— Покурим на прощанье, — сказал Панфилов.
— Да, да, — согласился Доватор и ловко выпрыгнул из седла.
Подъехавшие коноводы увели лошадей.
— Парад в Москве. Это будет совсем особенный парад, — снимая теплые кожаные перчатки, проговорил Панфилов тихим голосом. — Этот парад — уверенность в победе. Уверенность в правоте нашего дела. Ты поедешь и услышишь, как забьется на Красной площади могучее сердце. А я его здесь почувствую... Это сердце армии, сердце советского народа, сердце родины! А когда любишь ее больше жизни, тогда пойдешь на любой подвиг.
Они помолчали.
— Ну, что ж, Лев Михайлович, — после небольшой паузы продолжал Панфилов. — Пора... А все-таки мы эту операцию после праздника проведем. Ты приедешь с обновленной душой. Я это знаю. А сейчас разреши-ка...

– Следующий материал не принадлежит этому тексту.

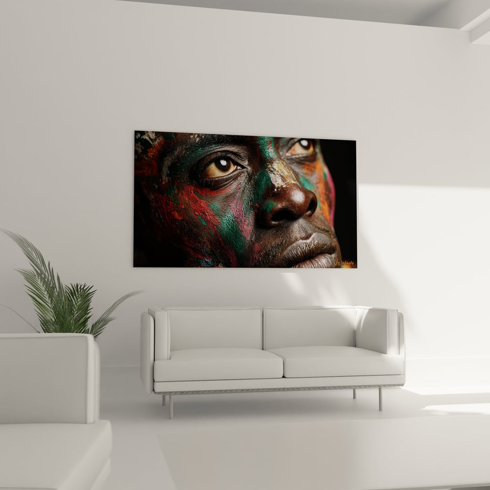 Tags : tableau visage africain, art tribal moderne, décoration ethnique, peinture corporelle, portrait africain
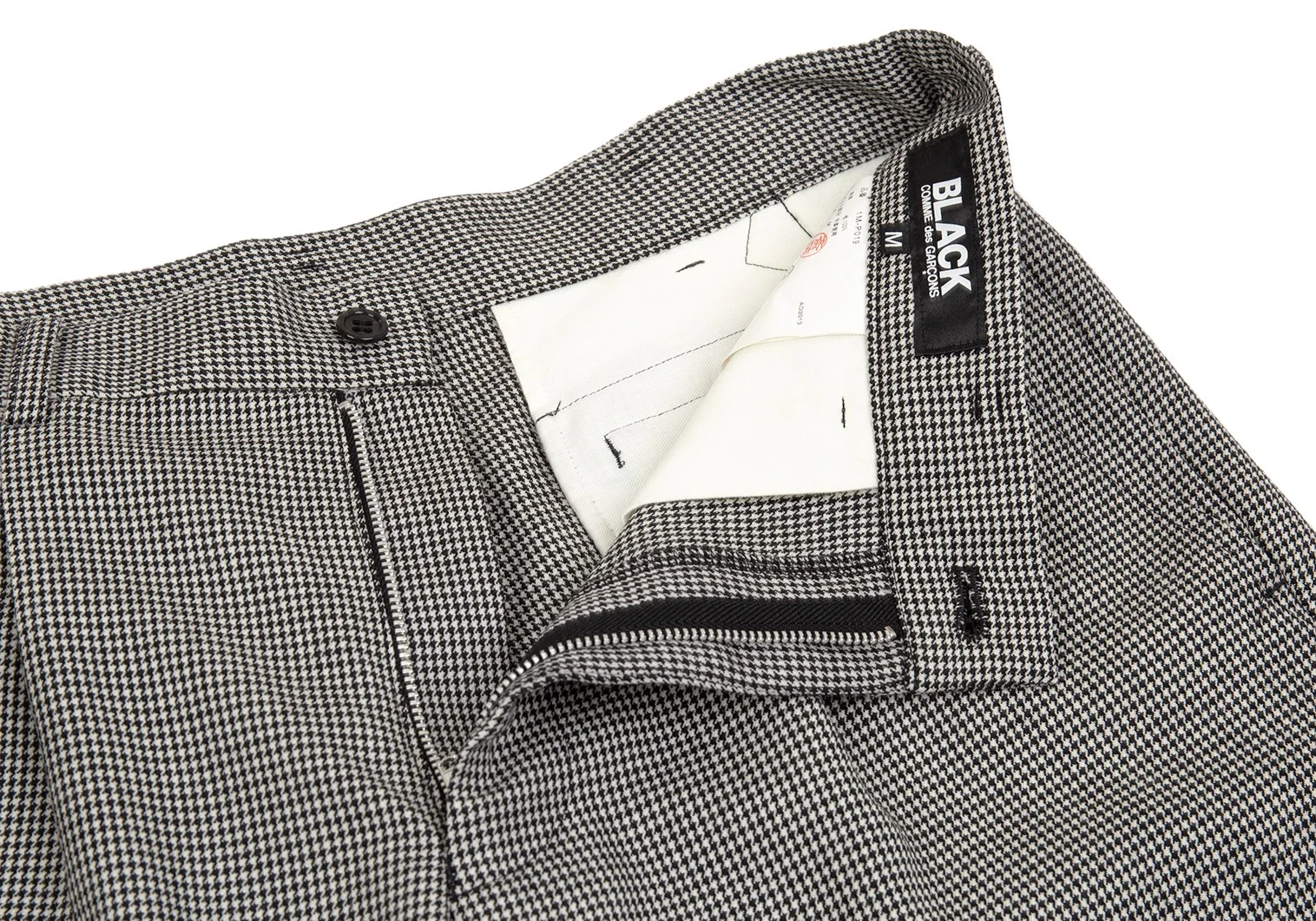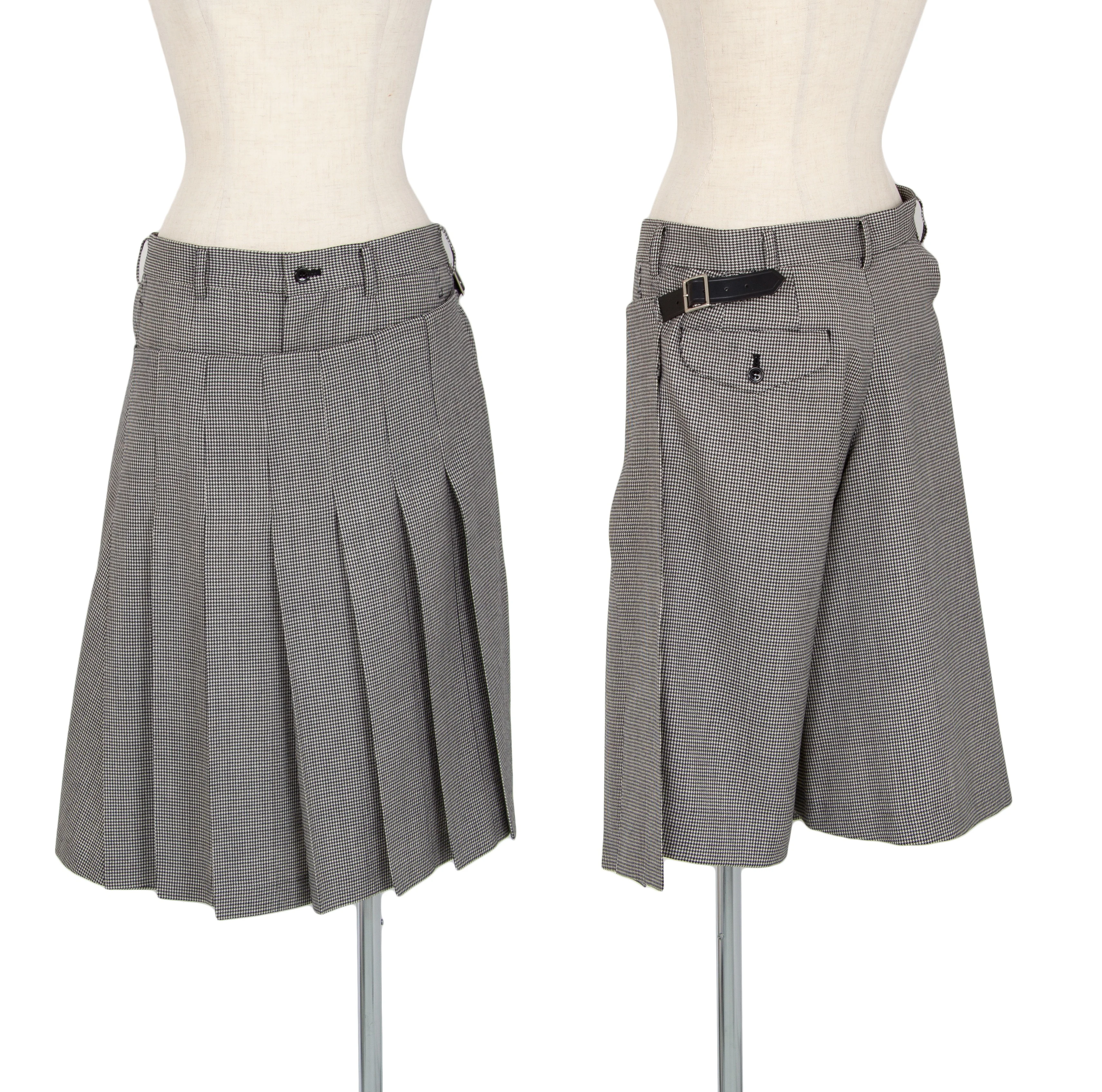 ブラック コムデギャルソンBLACK COMME des GARCONSウールハウンドトゥースラッププリーツスカート風パンツ 白黒M

Панфилов, скрипя кожей перчаток, неловко умолк.
— Разреши перчатки тебе подарить? Это мне, понимаешь, прислали... Очень хорошие перчатки...
Они обнялись и крепко поцеловались — троекратно, по старому русскому обычаю.
— Перчатки обязательно на парад надень! — ловя ногой стремя, крикнул Панфилов.
Когда приехали в Шапково, была уже ночь. Передав коня Сергею, Доватор прошел на квартиру комиссара.
Шубин сидел перед открытой печкой и помешивал тлеющие угли кочережкой. Отблеск огня освещал его ордена, ромбы на петлицах кителя, широкие согнутые плечи и крупную голову. Услышав голос Доватора, Михаил Павлович поставил кочережку в угол, встал и пошел навстречу.
— Почему, комиссар, сидишь без огня? — весело здороваясь, проговорил Доватор.
— Мечтаю... у камина... «Луна на окнах серебрит узоры, в камине тлеют угольки», — шутливо продекламировал Михаил Павлович.
Он подошел к столу и зажег лампу.
— А хорошо эдак помечтать зимним вечерком, хорошо!
Под ламповым стеклом, потрескивая, разгорался фитиль. Комиссар был немного выше Доватора. Круглая, гладко остриженная голова была посажена на широкие плечи. Спокойным движением больших рук Шубин отодвинул лежавшую на столе объемистую полевую сумку. Посмотрев на Доватора внимательными серыми глазами, он пододвинул стул:
— Ты раздевайся, хочешь к печке садись. Ужинать будешь? Новости расскажешь?
— Новости есть необыкновенные. Ужинать не хочу. У командарма угощался, — вешая на гвоздь бурку, проговорил Доватор.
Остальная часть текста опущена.